Assignment: After the line containing "Two women are", copy nothing more; up to and including it, copy every line of the listing exactly from the first, leaving out the pictures.
◇ ◇ ◇
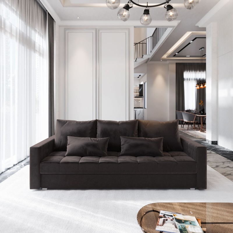 Masseno Sofa SIRO z funkcją spania i pojemnikiem na pościel, Rozkładana sofa - Brązowy, KRONOS 06
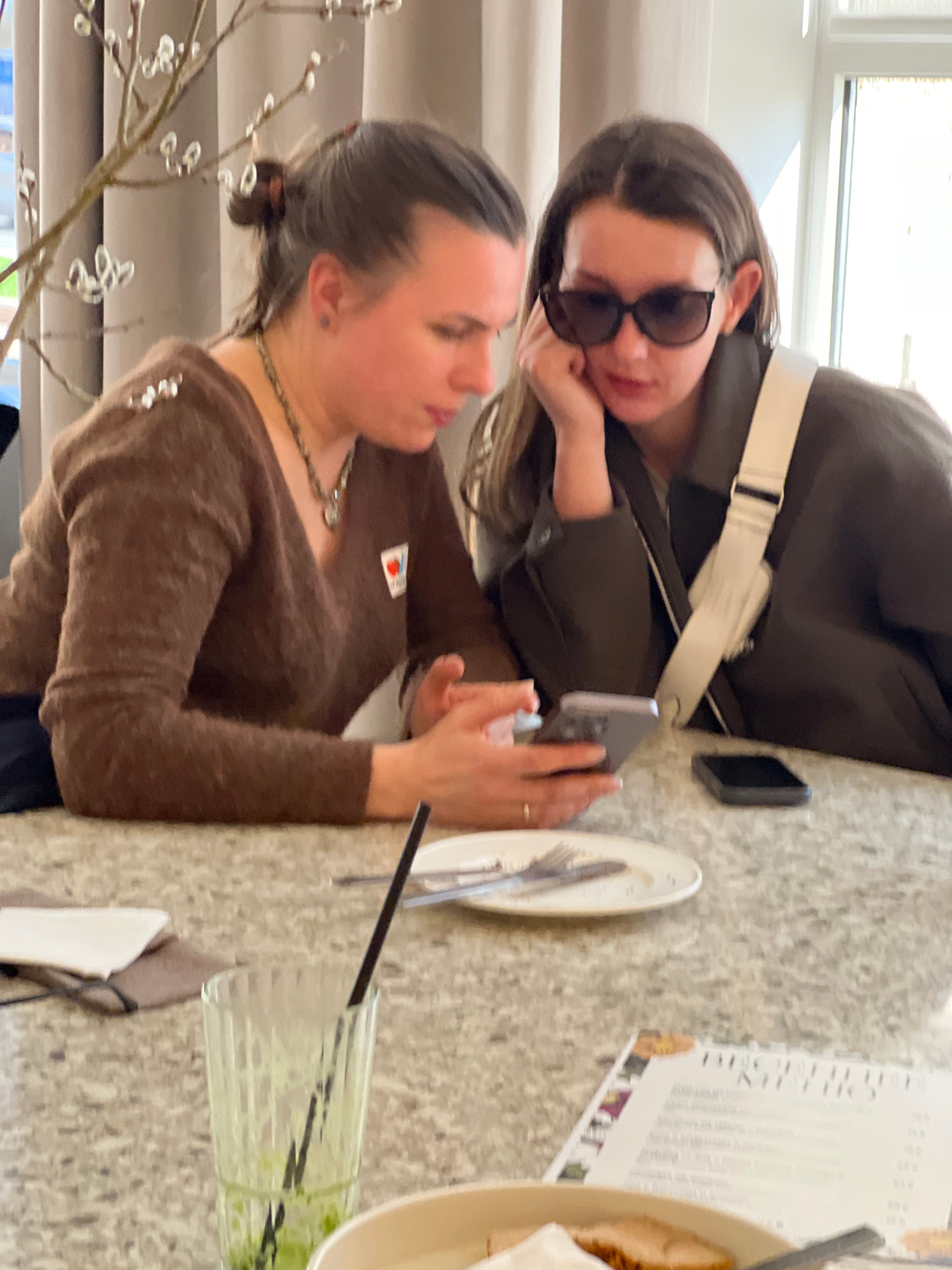 Two women are sitting at a table inside a cafe. One woman is looking at her cell phone while the other woman is resting her face on her hand and wearing sunglasses. There is a plate, silverware, glass…read more
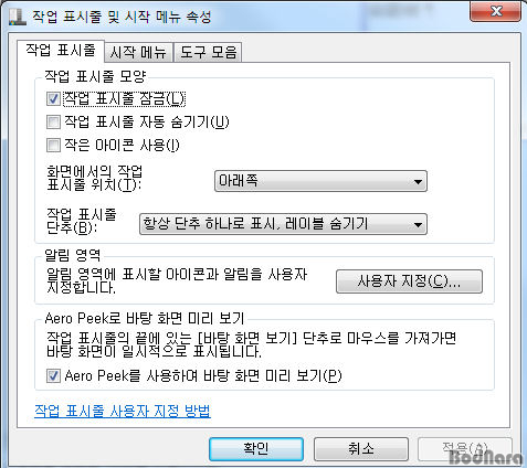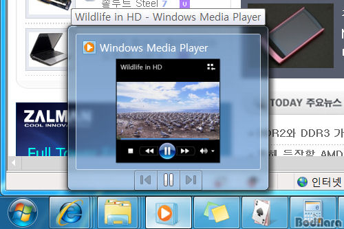 À©µµ¿ì 7ÀÇ ÀÛ¾÷ Ç¥½ÃÁÙ ¹× ½ÃÀÛ ¸Þ´º ¼Ó¼ºÀ» º¸¸é ºü¸¥ ½ÇÇà ¿É¼ÇÀÌ »ç¶óÁø ´ë½Å À©µµ¿ì XP³ª ºñ½ºÅ¸¿¡ ¾ø¾ú´ø »õ·Î¿î ¿É¼Ç Çϳª°¡ Ãß°¡µÇ¾ú´Âµ¥, ¹Ù·Î ¹ÙÅÁ ȸéÀ» Åõ¸íÇÏ°Ô º¼ ¼ö ÀÖ°Ô ÇØÁÖ´Â ¿¡¾î·Î ÇÈ(Aero Peek)ÀÌ´Ù.
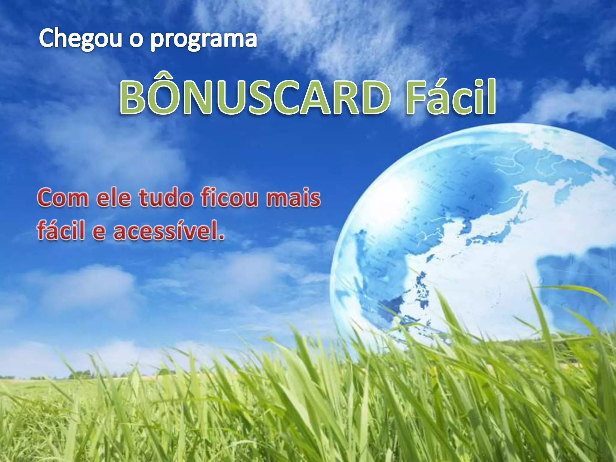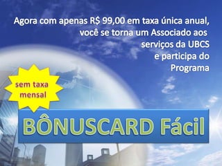 O documento descreve o programa BÔNUSCARD Fácil, que oferece serviços como carteira digital, renda extra, rede de convênios e inclusão digital por uma taxa anual de R$99. Ao se cadastrar, o associado recebe cartões, manual e orientações para divulgar o programa e conquistar novos associados, gerando bônus com a expansão da rede.
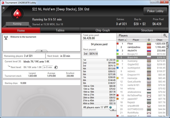 Ну если игрок не уровня топ, то я всегда готов играть постфлоп с любыми руками. Но тут же финалка, нужно учитывать исм. На момент раздачи у меня был стек ценой 750$. У коротышей по 450-500$ примерно. И уже после турнира у меня возник вопрос, стоило ли вообще играть раздачи? Тем более слабо плюсовые.
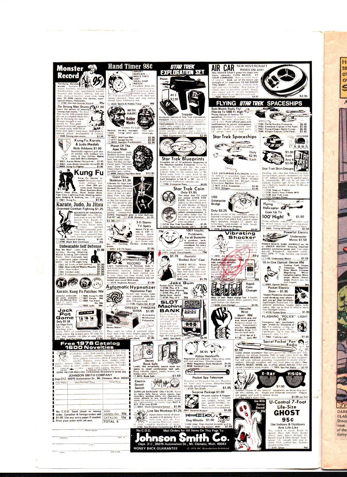 Red pen used on the inside of the front cover (circular scribbles & eyes and face of cartoon characters colored in) as well as on the first page of the issue (Daredevil's face and body marked, "Daredevil!" is underlined, "HISSELF" is written in one of the word bubbles and jewelry store thief is scribbled on) and second page of the issue (small drawing at the top of the page).
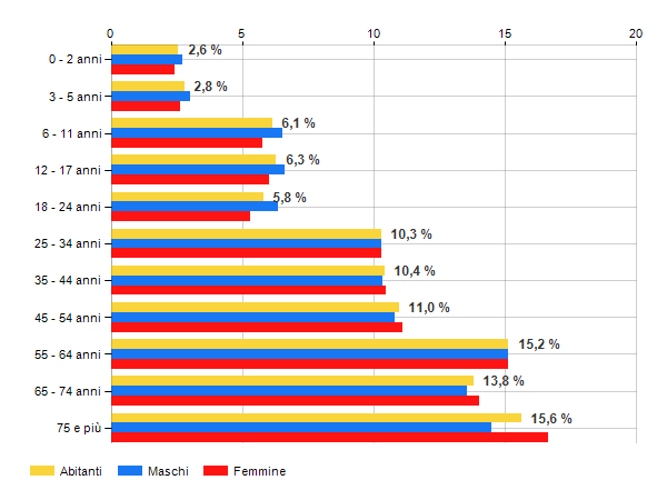 è al 296° posto su 374 comuni per % di residenti con meno di 15 anni
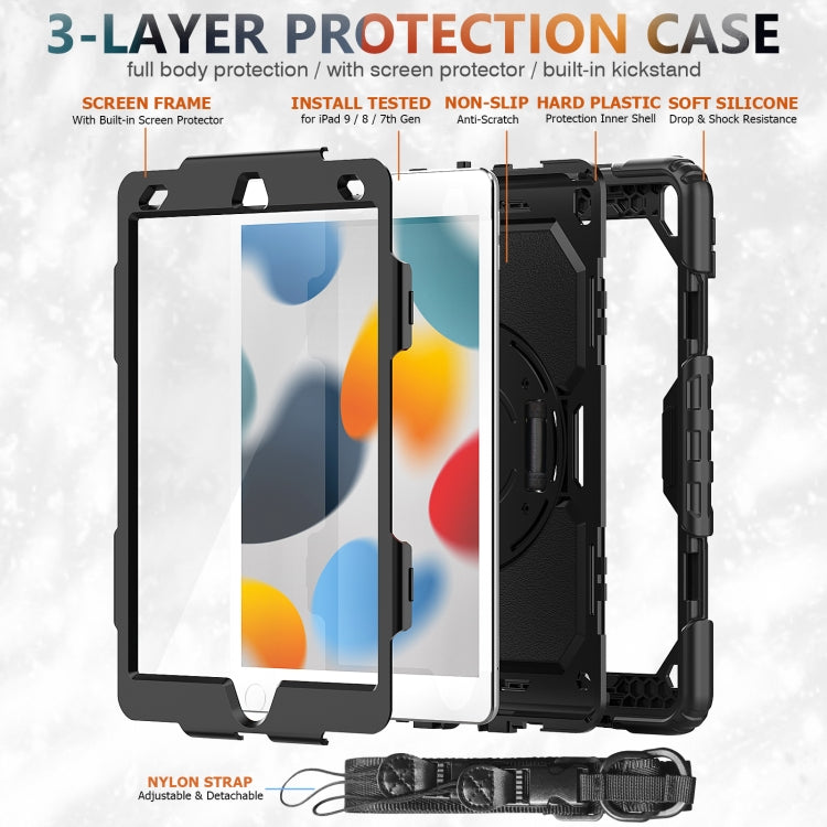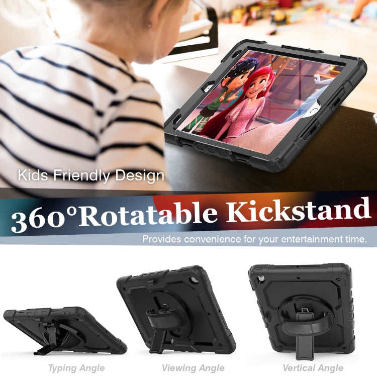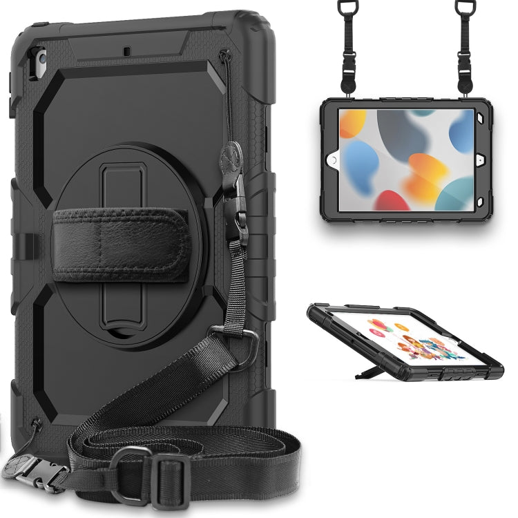 For iPad 10.2 2021 / 2020 / 2019 Shockproof Silicone + PC Protective Case with Holder & Shoulder Strap & Pen Slot(Black)
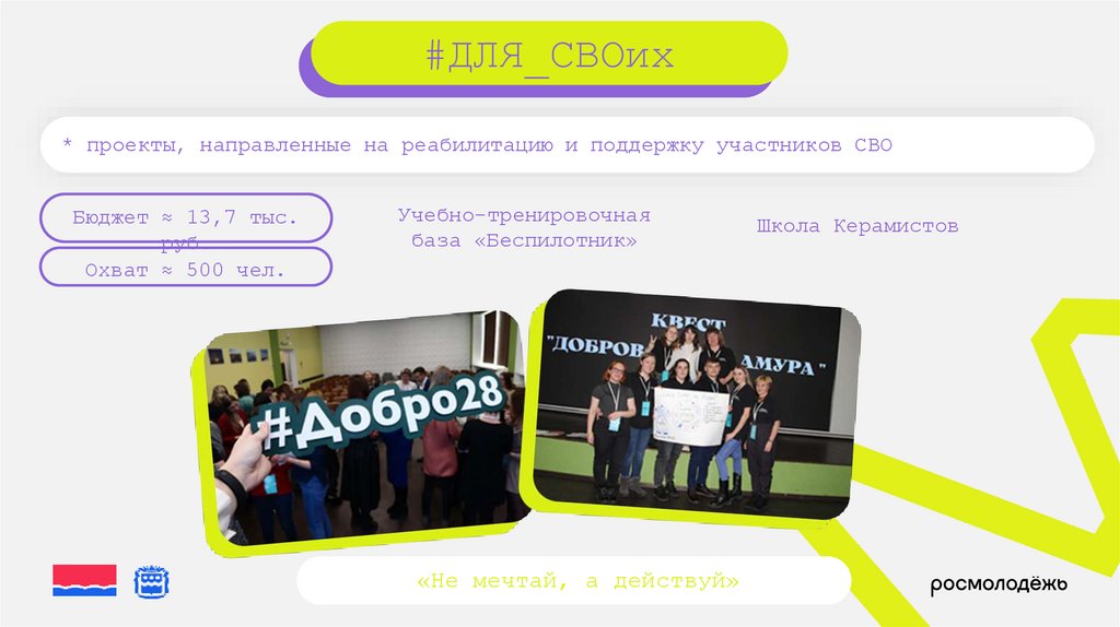 #ДЛЯ_СВОих* проекты, направленные на реабилитацию и поддержку участников СВО
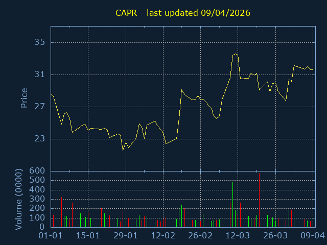 Click here for CAPR Candlestick History
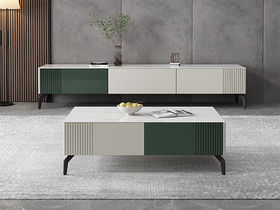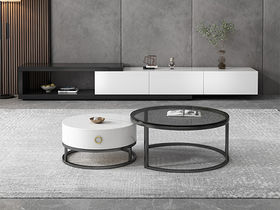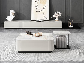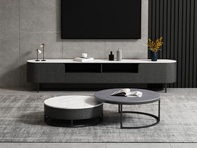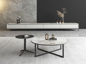 非凡工艺 现代简约 中纤板 亮光烤漆+碳素钢脚架+岩板6mm+8mm茶色钢化玻 卡塔金+奶油色烤漆 组合圆茶几+2米电视柜
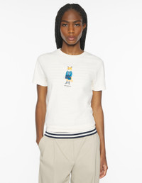 DETAILS T-shirt in cotton jersey (180g) with short sleeves. Regular fit with Dressed Fox print on the chest. - T-shirt in cotton jersey (180g) - Organic cotton - Regular fit - Short sleeves - Crew neck with rib finishing - Dressed Fox print on the middle chest PW00119KJ7026-0306 SIZE & CUT Cut: REGULAR Sizing: WOMEN The female model is 5.7 and is wearing size S MATERIAL 100% COTTON TRACEABILITY Made in Portugal
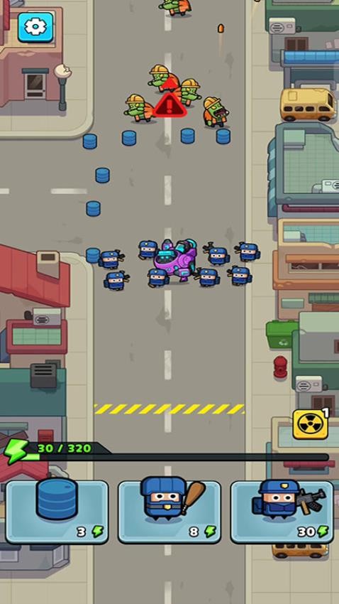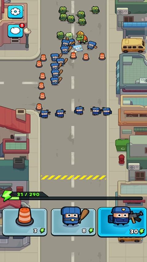 游戏精心设计了两种特色兵种:机枪队擅长远程火力压制,木棍队则具备近战格斗优势。玩家需要根据战场形势合理调配两种兵种的比例,机枪队适合在开阔地带建立火力网,而木棍队则能有效阻挡突破防线的零星僵尸。随着游戏深入,玩家还可以通过升级解锁兵种的进阶形态,获得更强大的作战能力。
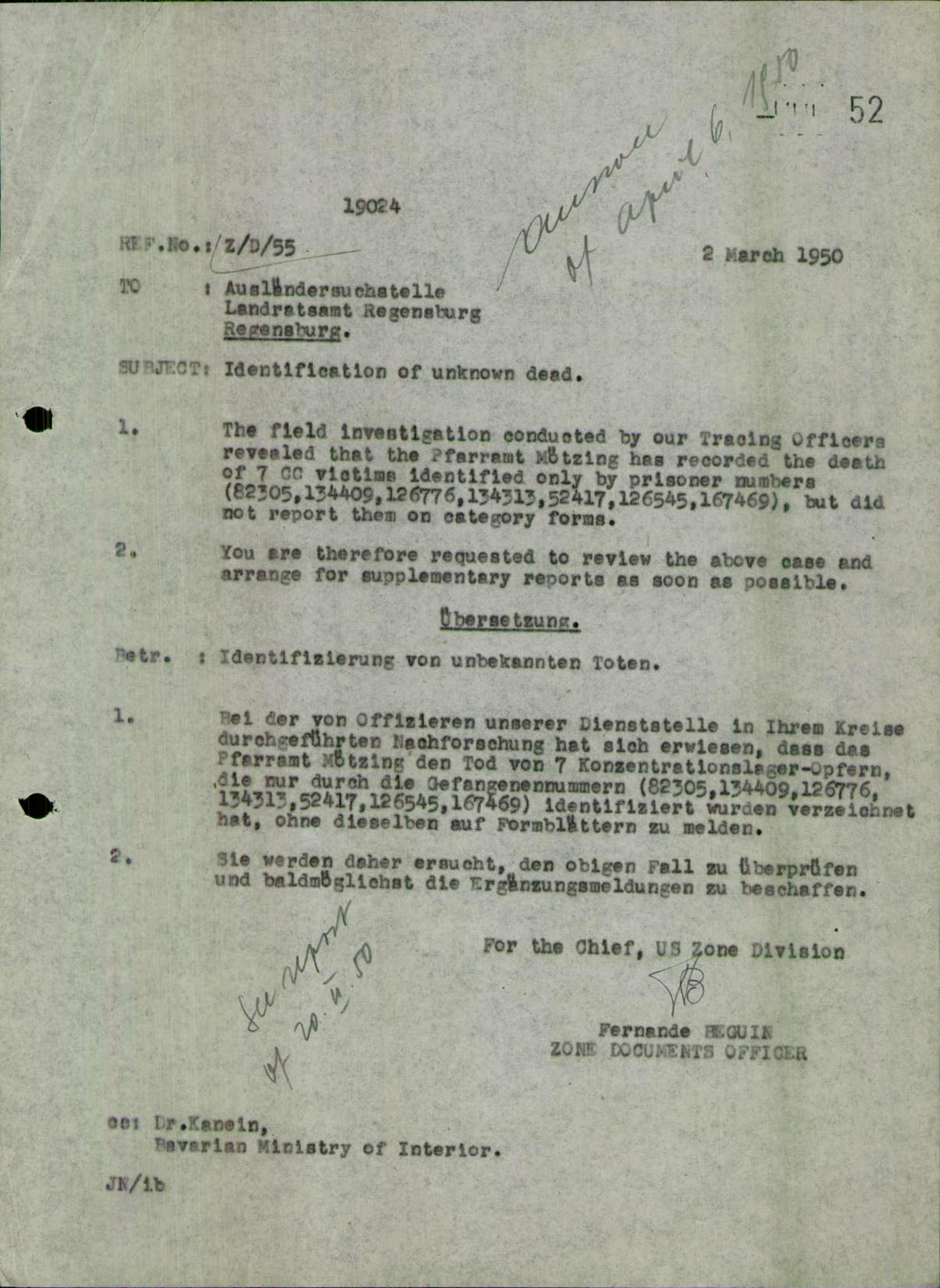 Einen Kommentar schreiben →Ergänzungen der erteilten Auskünfte über unbekannte Tote durch Gemeinden und Landkreise... 0052 (84625599)
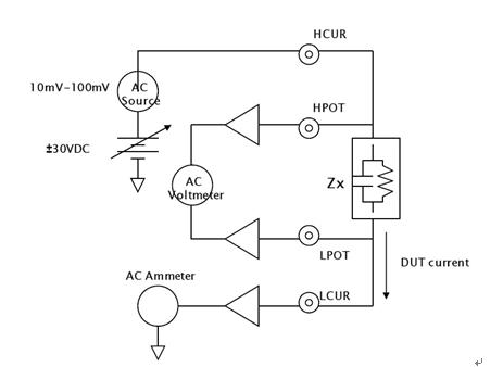 換而言之,這種測試通過加載交流電壓然后測量產(chǎn)生的交流電流、交流電壓和它們之間的阻抗相角,最終測出DUT的交流阻抗。
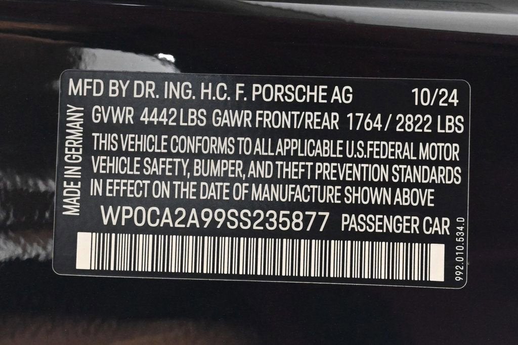 VERY LOW MILES! At just 7193 miles, this 2025 Porsche provides great value. LOADED WITH VALUE! Comes equipped with: Air Conditioning, MP3, Front Heated Seats. This Porsche 911 also includes Power Driver's Seat, Clock, Climate Control, Power Passenger Seat, Tachometer, Multi-Zone Climate Control, Digital Info Center, Cruise Control, Homelink System, Tilt Steering Wheel, Power Steering, Telescoping Steering Wheel, Power Windows, Steering Radio Controls, Power Mirrors, Leather Steering Wheel, Leather Shifter, Driver Airbag, ABS Brakes, Fog Lights, Passenger Airbag, Traction Control, Intermittent Wipers, Side Airbags, Dynamic Stability, Keyless Entry, Rear Defogger, Security System, AM/FM, Sliding Rear Window, Rear Spoiler, Sport Seats, Center Arm Rest, Cup Holders, Vanity Mirrors, Heated Mirrors, Rear Fog Lamps, Daytime Running Lights, Parking Sensors, Reverse Camera, Side Curtain Airbags, Roll Stability Control, PCM, Tire Pressure Monitor, Carpeted Floor Mats, Overhead Console, Aux. Audio Input, HD Radio. Air Conditioning, Climate Control, Dual Zone Climate Control, Cruise Control, Power Steering, Power Windows, Power Mirrors, Leather Steering Wheel, Leather Shifter, Power Drivers Seat, Power Passenger Seat, Memory Seat Position, Phone, Clock, Tachometer, Digital Info Center, Homelink System, Tilt Steering Wheel, Telescoping Steering Wheel, Steering Wheel Radio Controls, Driver Airbag, Passenger Airbag, Side Airbags, Keyless Entry, Security System, ABS Brakes, Traction Control, Dynamic Stability, Rear Defogger, Fog Lights, Intermittent Wipers, AM/FM, Alloy Wheels, Leather Interior Surface, Navigation system: Porsche Communication Management (PCM), Premium Package, Sound Package Plus, Sport Chrono Package, SportDesign Package, 8 Speakers, Radio data system, Automatic temperature control, Ionizer, Porsche Communication Management, Power driver seat, Adaptive suspension, Four wheel independent suspension, 4-Wheel Disc Brakes, Dual front impact airbags, Dual front side impact airbags, Emergency communication system, Front anti-roll bar, Integrated roll-over protection, Low tire pressure warning, Occupant sensing airbag, Overhead airbag, Rear anti-roll bar, Brake assist, Exterior Parking Camera Rear, Delay-off headlights, Fully automatic headlights, Auto-dimming door mirrors, Bumpers: body-color, Convertible roof wind blocker, Double Stripe Decal on Fr Trunk Lid in Matte Black, Exclusive Design Taillights, HD-Matrix Design LED Headlights, Heated door mirrors, PORSCHE Logo on Rear in High Gloss Black, Power door mirrors, Spoiler, Sport Exhaust System with Tailpipes in Black, Auto-dimming Rear-View mirror, Convertible roof lining, Driver door bin, Driver vanity mirror, Front reading lights, Heated steering wheel, Illuminated entry, Interior Trim Inlays in Matte Carbon Fiber, Lane Change Assist (LCA), Outside temperature display, Overhead console, Passenger vanity mirror, Power convertible roof, Sport steering wheel, Surround View with Active Parking Support, Telescoping steering wheel, Front Center Armrest, Front Ventilated Seats, Heated front seats, Leather Seat Trim, Sport Plus Seats, Extended Range 22.1 Gallon Fuel Tank, Passenger door bin, Storage Net in Passenger Footwell, Wheel Center Caps with Colored Porsche Crest, Wheels Painted in High Gloss Black (1NZ), Wheels: 20 Front/21 Rear Carrera Excl Design, Glass rear window, Rain sensing wipers, Recent Oil Change, Passed Inspection, 360 Camera, Active Parking Assist, Adaptive Headlights, AndroidTM Auto/Apple Carplay, Automatic Headlights, Backup Camera, Blind-Spot Monitors, Bluetooth, Collision Warning Alert System, Heated/Cooled Seats, Navigation, Touchscreen Controls, Voice Recognition, Wi-Fi Hotspot, 1 OWNER / ONLY 7, 193 MILES / FLORIDA GARAGED, SOLD NEW AND FULLY SERVICED @ THE COLLECTION PORSCHE, NICELY EQUIPPED WITH MANY PORSCHE FACTORY ORDERED OPTIONS. Adaptive headlights, Aux. Audio Input, Bluetooth, Carpeted Floor Mats, Center Arm Rest, Cup Holders, Daytime Running Lights, Front Heated Seats, Heated Mirrors, Navigation System, Overhead Console, Parking Sensors, PCM, Rear Fog Lamps, Rear Spoiler, Rear Spoiler, Reverse Camera, Roll Stability Control, Side Curtain Airbags, Sliding Rear Window, Sport Seats, Tire Pressure Monitor, Vanity Mirrors - Contact THE COLLECTION GENERAL at 786-349-9658 or GENERAL@THECOLLECTION.COM for more information. -
◇ ◇ ◇
Output of the task:
 Masseno Sofa SIRO z funkcją spania i pojemnikiem na pościel, Rozkładana sofa - Brązowy, KRONOS 06
 Two women are sitting at a table inside a cafe. One woman is looking at her cell phone while the other woman is resting her face on her hand and wearing sunglasses. There is a plate, silverware, glass…read more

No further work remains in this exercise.